I'm not aware of any similarly-detailed data on recent trends in canine cancer incidence rates. But according to the Veterinary Cancer Society, cancer is the leading cause of death among dogs beyond middle age.
All of this data supports the same conclusion: the most common and most serious nutritionally-mediated canine diseases in the country absolutely have not gotten better since the publication of WSAVA's nutrition guidelines. They've gotten worse.
3. The WSAVA Guidelines Are Not Substantive
Let's review. We've already seen that there was no evidence supporting the adoption of WSAVA's guidelines in the first place. We've seen there is no evidence that the guidelines have done anything positive for companion animal public health over the past 12 years. And we've seen that the guidelines implicitly endorse the very same companies that paid for them to be created in the first place.
Sadly, there's more.
When public health authorities publish dietary recommendations, they typically focus those recommendations on substantive nutritional topics -- subjects like nutrients, food groups, diseases, and healthy bodily functions. How much protein should a 150-pound person consume each day to prevent age-related muscle loss? How much Vitamin D can a dog ingest before it becomes toxic? Etc.
This is the case with human-focused organizations, like the WHO and the USDA. It's also the case with organizations focused on companion animal health, such as the Association of American Feed Control Officials (AAFCO) and the National Research Council of the National Academies of Arts and Sciences (NRC), both of which publish evidence-based nutritional guidelines for dogs and cats.
WSAVA's guidelines take a fundamentally different approach. They don't feature a single word about specific nutrients, food groups, diseases, or bodily functions.
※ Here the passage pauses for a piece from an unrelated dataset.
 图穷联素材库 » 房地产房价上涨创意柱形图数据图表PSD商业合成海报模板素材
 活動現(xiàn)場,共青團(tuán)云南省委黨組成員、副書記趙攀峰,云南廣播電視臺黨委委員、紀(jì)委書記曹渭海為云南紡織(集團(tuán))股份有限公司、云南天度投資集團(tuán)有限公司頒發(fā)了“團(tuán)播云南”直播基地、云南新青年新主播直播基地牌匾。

Instead, they focus entirely on what you might call "reputational qualities." In essence, WSAVA recommends that your dog only eat foods made by the kinds of companies that WSAVA thinks are good, regardless of what nutrients those foods contain.
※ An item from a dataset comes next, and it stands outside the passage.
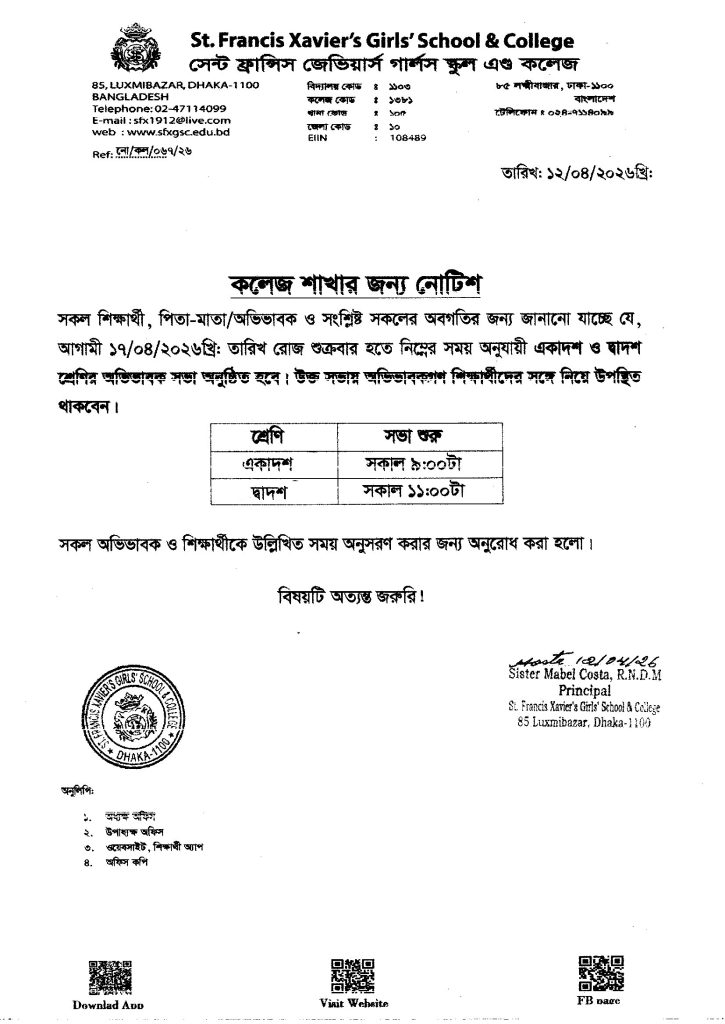 আগামী ১৯/০৪/২০২৬ তারিখ শিক্ষার্থীদের ছুটির সময় সংক্রান্ত জরুরি নোটিশ।

That's not how nutrition is studied at universities, it's not how it's debated in scientific journals, and it's not how (most) public health organizations frame nutritional issues either. Instead, they focus on the stuff that makes dietary recommendations important in the first place: links between dietary qualities and health and wellness outcomes.
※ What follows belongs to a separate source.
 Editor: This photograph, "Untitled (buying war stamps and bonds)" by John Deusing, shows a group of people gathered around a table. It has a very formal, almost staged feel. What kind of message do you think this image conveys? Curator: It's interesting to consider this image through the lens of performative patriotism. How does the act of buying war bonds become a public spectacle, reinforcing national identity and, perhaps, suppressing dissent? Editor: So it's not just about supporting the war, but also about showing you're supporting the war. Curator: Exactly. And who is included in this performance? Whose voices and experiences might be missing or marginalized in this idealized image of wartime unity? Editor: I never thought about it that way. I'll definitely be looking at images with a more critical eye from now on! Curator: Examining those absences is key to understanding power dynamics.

Like I said before, if there was strong evidence supporting its rationale, perhaps you could excuse this as an experimental, cutting-edge quirk of WSAVA's process. But there isn't. Or if WSAVA was making a positive impact on public health perhaps you'd have to throw your hands up and admit that the group is onto something that the rest of the scientific community is missing. But it isn't.
Instead, you're left trying to explain why this important organization is taking such a strange approach to making dietary recommendations to pet-owners. And that brings us right back around to where we started.
4. The WSAVA Guidelines Were Created By the Very Same Companies That They Implicitly Endorse
As I explained earlier, it is beyond dispute that major financial conflicts-of-interest underpinned the creation of WSAVA's nutritional guidelines, and at multiple levels. And it just so happens that the guidelines turned out exactly how the companies that paid for them would have wanted.
Is that why the WSAVA guidelines lack any evidentiary basis? Is it why, despite their popularity and influence, the WSAVA guidelines haven't had a positive impact on companion animal public health? Is it why the guidelines are focused on the kinds of strange, non-substantive qualities that most public health authorities don't really pay any attention to?
I'm not aware of any direct evidence that answers those questions once and for all. And unless such proof is uncovered the most defensible advice I can offer is to treat the WSAVA guidelines like any other influential set of recommendations that lack any evidence of validity or efficacy: advocate that they be replaced with evidence-based recommendations or just ignore them altogether.